Please restate word for word the lines of the entries below from the one with "IMOVEQROO Expulsa a" to the one with "Tato bohatě vybavená", inclusive, and leave out every picture.

*** Records for processing ***

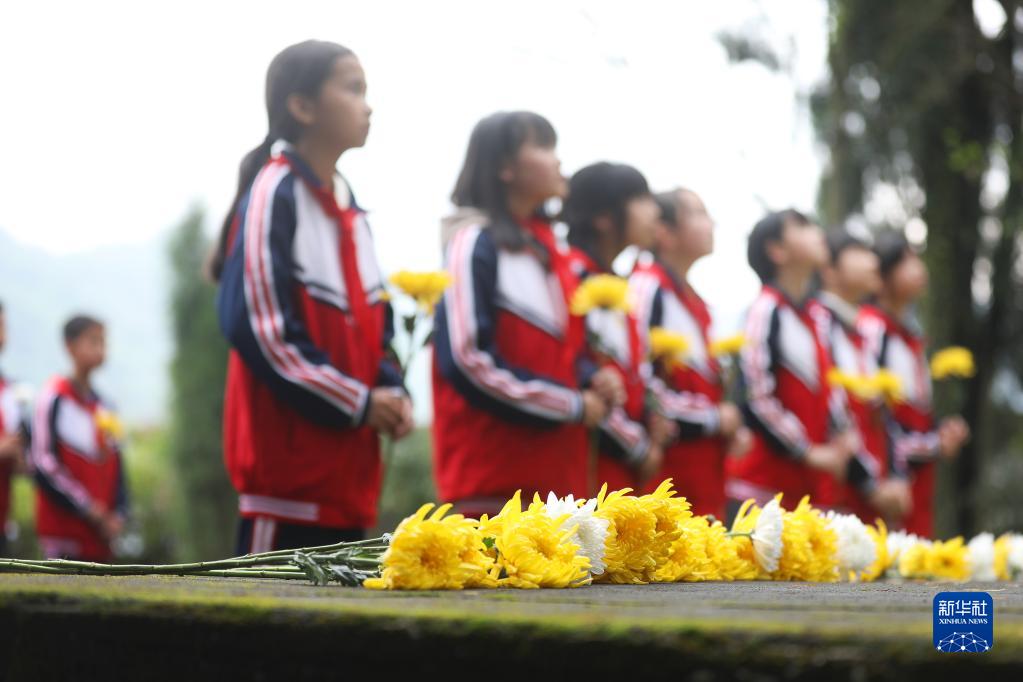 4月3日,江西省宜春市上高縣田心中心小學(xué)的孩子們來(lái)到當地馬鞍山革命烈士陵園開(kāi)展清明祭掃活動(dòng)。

*** End of Records for processing ***
*** Records for processing ***

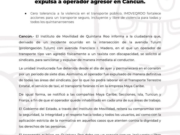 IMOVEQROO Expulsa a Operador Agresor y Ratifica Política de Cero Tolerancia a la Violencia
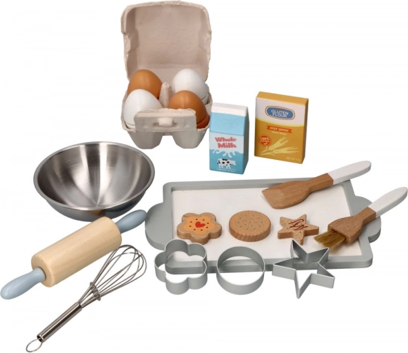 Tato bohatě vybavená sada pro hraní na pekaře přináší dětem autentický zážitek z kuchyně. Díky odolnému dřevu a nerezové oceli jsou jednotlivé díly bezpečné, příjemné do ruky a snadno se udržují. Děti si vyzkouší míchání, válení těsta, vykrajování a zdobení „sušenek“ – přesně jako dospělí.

*** End of Records for processing ***

== Response for this exercise ==
 IMOVEQROO Expulsa a Operador Agresor y Ratifica Política de Cero Tolerancia a la Violencia
 Tato bohatě vybavená sada pro hraní na pekaře přináší dětem autentický zážitek z kuchyně. Díky odolnému dřevu a nerezové oceli jsou jednotlivé díly bezpečné, příjemné do ruky a snadno se udržují. Děti si vyzkouší míchání, válení těsta, vykrajování a zdobení „sušenek“ – přesně jako dospělí.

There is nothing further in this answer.